A Biochip (temperature control object)
DESCRIPTION OF SYMBOLS 1 Reaction tank 2 Storage tank 3 Flow path 10 Thermal diffusion plate 11 Temperature detector 12-15 Peltier element 16 Heat sink 20 Receptacle 100 1st temperature control module 200 21st temperature control module

Claims (3)

A temperature control device that heats or absorbs heat of a temperature control object,
A plurality of Peltier elements arranged at a predetermined interval, a thermal diffusion plate in contact with the Peltier element on one side and in contact with the temperature control object on the other side, and a temperature installed on the thermal diffusion plate A detector,
Side surfaces of the plurality of Peltier elements define a space between each other, the heat diffusion plate has a protrusion protruding into the space between the Peltier elements, and the temperature detector is disposed inside the protrusion.
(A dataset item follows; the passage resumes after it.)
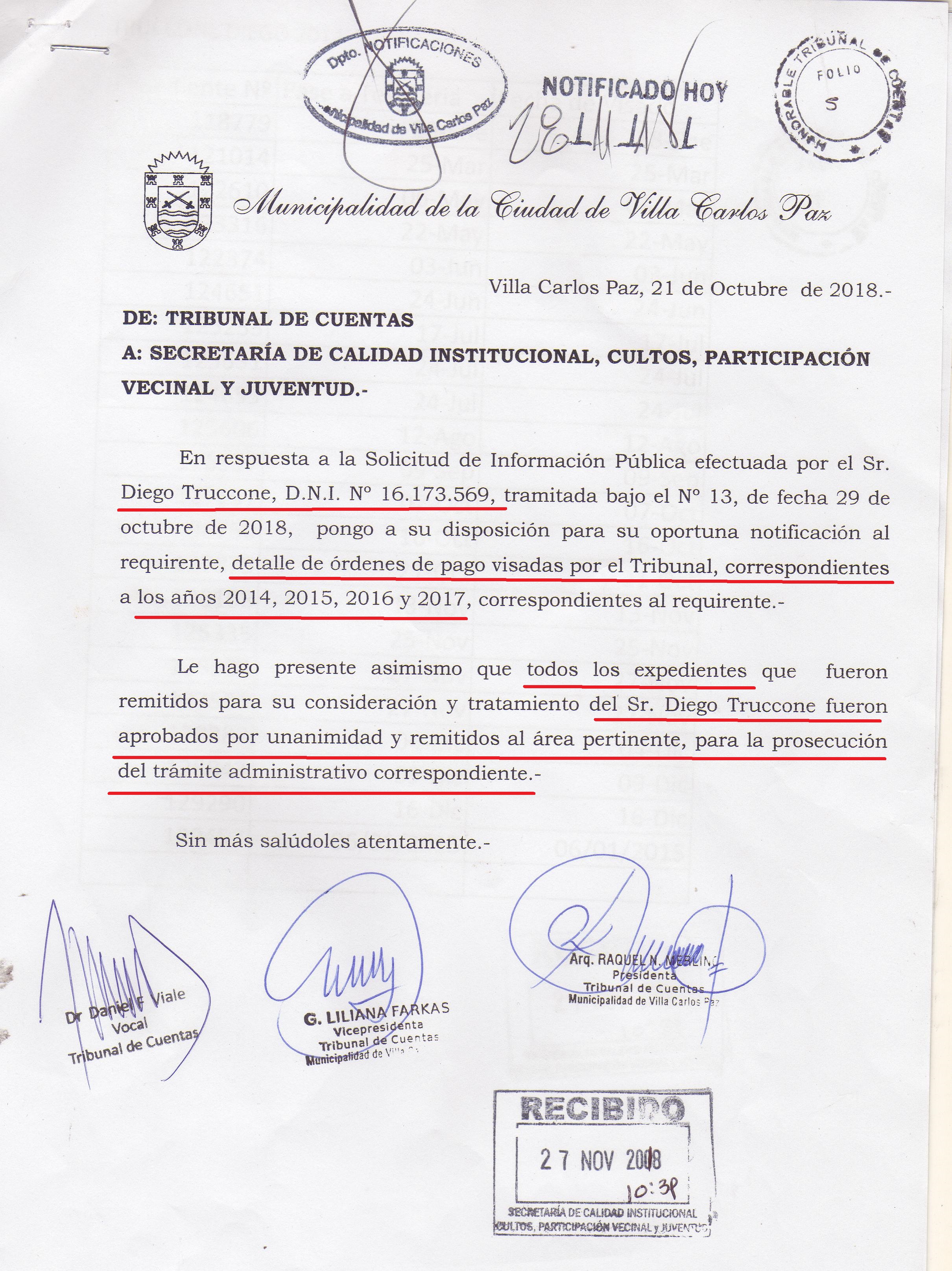 Zacarias Habla de “Razonabilidad del planteo”, me pregunto SI es razonable que el municipio NO pague lo contratado y reconocido en la cuenta general del ejercicio 2018.

A temperature control device that is arranged.   The temperature control device according to claim 1, wherein the temperature detector is made of a platinum resistor.   The temperature control object is composed of a biochip having a reaction vessel formed on a substantially circumference, and the heat diffusion plate has a substantially annular projection that is in contact with the temperature control region of the reaction vessel. The temperature control apparatus according to any one of claims 1 and 2.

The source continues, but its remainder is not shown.